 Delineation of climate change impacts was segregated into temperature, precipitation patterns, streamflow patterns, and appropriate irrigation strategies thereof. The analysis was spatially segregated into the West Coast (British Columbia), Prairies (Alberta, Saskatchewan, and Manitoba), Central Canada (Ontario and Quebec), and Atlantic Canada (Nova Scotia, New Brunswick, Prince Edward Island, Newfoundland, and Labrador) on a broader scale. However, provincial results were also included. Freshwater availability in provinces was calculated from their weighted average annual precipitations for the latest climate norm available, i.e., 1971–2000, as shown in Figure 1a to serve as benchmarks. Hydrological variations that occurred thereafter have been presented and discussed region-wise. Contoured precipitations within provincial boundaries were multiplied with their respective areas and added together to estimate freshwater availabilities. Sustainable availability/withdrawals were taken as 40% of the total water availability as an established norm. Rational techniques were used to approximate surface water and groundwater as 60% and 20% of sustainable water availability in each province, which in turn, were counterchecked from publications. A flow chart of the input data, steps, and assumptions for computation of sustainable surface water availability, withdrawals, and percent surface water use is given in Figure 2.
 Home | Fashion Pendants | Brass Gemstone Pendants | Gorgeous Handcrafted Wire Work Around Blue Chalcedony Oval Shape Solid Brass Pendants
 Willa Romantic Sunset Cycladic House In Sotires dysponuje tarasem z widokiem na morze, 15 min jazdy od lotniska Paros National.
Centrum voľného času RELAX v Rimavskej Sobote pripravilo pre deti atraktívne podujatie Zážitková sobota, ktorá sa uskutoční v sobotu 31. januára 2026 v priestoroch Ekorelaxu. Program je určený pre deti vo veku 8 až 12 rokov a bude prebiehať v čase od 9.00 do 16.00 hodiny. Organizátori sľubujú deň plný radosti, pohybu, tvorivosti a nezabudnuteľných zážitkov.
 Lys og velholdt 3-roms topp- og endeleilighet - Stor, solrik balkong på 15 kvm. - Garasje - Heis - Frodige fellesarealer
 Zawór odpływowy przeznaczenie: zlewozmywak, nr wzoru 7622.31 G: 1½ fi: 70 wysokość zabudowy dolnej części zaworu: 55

==

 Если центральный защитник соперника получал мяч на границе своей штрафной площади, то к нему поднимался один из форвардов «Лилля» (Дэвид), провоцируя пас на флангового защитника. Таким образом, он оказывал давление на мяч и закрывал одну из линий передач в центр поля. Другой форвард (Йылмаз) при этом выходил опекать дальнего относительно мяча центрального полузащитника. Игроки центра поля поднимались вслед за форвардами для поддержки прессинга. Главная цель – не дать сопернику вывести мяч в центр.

▸ **EXERCISE DESCRIPTION**
What you give back should be only the lines of the records above, starting at the line with "Home | Fashion" and ending at the line with "Lys og velholdt", restated word for word.

▸ **FINAL ANSWER**
 Home | Fashion Pendants | Brass Gemstone Pendants | Gorgeous Handcrafted Wire Work Around Blue Chalcedony Oval Shape Solid Brass Pendants
 Willa Romantic Sunset Cycladic House In Sotires dysponuje tarasem z widokiem na morze, 15 min jazdy od lotniska Paros National.
Centrum voľného času RELAX v Rimavskej Sobote pripravilo pre deti atraktívne podujatie Zážitková sobota, ktorá sa uskutoční v sobotu 31. januára 2026 v priestoroch Ekorelaxu. Program je určený pre deti vo veku 8 až 12 rokov a bude prebiehať v čase od 9.00 do 16.00 hodiny. Organizátori sľubujú deň plný radosti, pohybu, tvorivosti a nezabudnuteľných zážitkov.
 Lys og velholdt 3-roms topp- og endeleilighet - Stor, solrik balkong på 15 kvm. - Garasje - Heis - Frodige fellesarealer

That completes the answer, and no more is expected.